In The News

news

A Dairy Road Diverges: Grazing Model Offers Alternative to Industrial Farming

In an article featured as part of an in-depth series on the impact of dairy farming in Wisconsin, Joe Tomandl, III discusses why grazing-based dairy makes the industry stronger while benefiting rural communities.

October 17 2017

By John R. Russett and Maureen McMullen
River Falls Journal

As post-World War II America raced hand-in-hand with a booming economy, the disparate decades preceding lending little insight into industry's imminent scale and scope, proficiencies' perpetuation, bolstered by corporate conglomerates, drove businesses to keep pace.

Gains in productivity, while seemingly essential alongside an exploding population and continued emergence of global markets, left some struggling to find footing. Namely, the nation's farmers.

America's mechanization pushed farmers further from family farms, forcing the continued consolidation of land, efficiencies of scale supplanting seasoned planters' tack.

The dairy industry was no different, but industrialization's inevitable inundation wasn't accepted by all, spawning a countermovement — the heart of which lies approximately two and a half hours east of the St. Croix River Valley.

Less than two miles from where he grew up, third-generation dairy farmer Joseph Tomandl III, baseball cap sitting loosely over dark, curly hair, black T-shirt tucked into well-worn blue jeans, sat down at a picnic table beneath the shade of a barn and stepped his son through the tasks to finish before lunch.

His family's business shifted from the industrial model in the 1980s toward grazing, a method employing fencing to section off patches of grass for cows to eat rather than feeding them in a confined facility.

“I think all of this came when dairies were evolving,” he said. “They either had to really start investing in that industrial type of model, get more milk out of cows, invest in equipment and capital, or they'd maybe think about starting to get out.”

Through that lens, Tomandl helped develop the nation's first and only nationally recognized formal dairy grazing apprenticeship, its headquarters on farmland outside Medford, Wis.

“This is the Tesla of the dairy industry,” he said.

Kewaunee

Bordered in its entirety on the east by Lake Michigan, Door County to the north and the northwest corner nestled against Green Bay, Kewaunee County invites visitors to experience “The Good Life, On a Great Lake.”

In recent years, however, things have been less than good, with 28 percent of the county's tested private wells found unsafe, all three of the county's major waterways put on the Environmental Protection Agency's impaired waters list, and a dead zone that extends from its shore into the bay, as well as multiple beach closures due to unsafe water.

Lee Luft, Kewaunee County Board member involved in ground and surface water protection, spoke to St.

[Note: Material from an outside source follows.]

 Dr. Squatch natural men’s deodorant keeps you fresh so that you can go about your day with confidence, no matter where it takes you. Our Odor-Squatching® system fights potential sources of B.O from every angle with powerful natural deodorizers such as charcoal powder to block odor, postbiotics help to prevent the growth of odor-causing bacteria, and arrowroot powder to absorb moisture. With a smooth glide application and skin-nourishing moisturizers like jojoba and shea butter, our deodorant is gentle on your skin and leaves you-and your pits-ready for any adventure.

Croix County's Ground and Surface Water Quality Study Group as the panel approaches its October deadline for recommendations to the County Board.

Luft said the Mississippi, St. Croix, Red Cedar and Eau Galle rivers along with Lake Pepin are on EPA's impaired water list as well — to name a few. St. Croix County alone has 17 bodies of water on the list.

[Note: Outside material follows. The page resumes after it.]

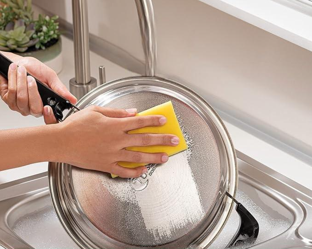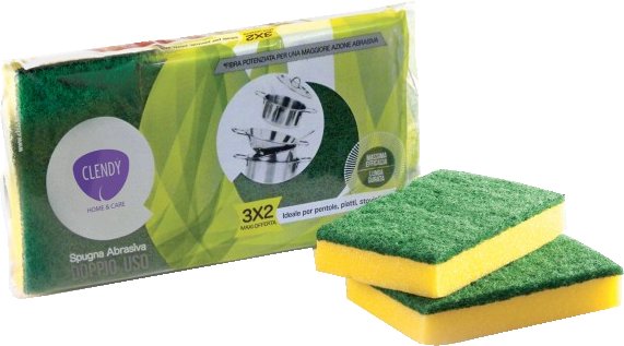 Spugna abrasiva a doppio uso. Fibra potenziata per una maggiore azione abrasiva. Massima efficacia. Lunga durata. Ideale per pentole, piatti, stoviglie.

“I imagine you have a very similar issue here to what Kewaunee County has had,” he said.

Luft cited Kewaunee County's relatively rapid ascension to 11th out of Wisconsin's 72 counties for most cattle as a driving force behind the county's well-publicized water issues.

According to the United States Department of Agriculture, Kewaunee County has approximately double St. Croix County's cattle count of 51,000, with an estimated 99,000 cattle, while maintaining roughly half the size in square miles. According to Luft, 62 percent of the county's cattle reside on concentrated animal feeding operations.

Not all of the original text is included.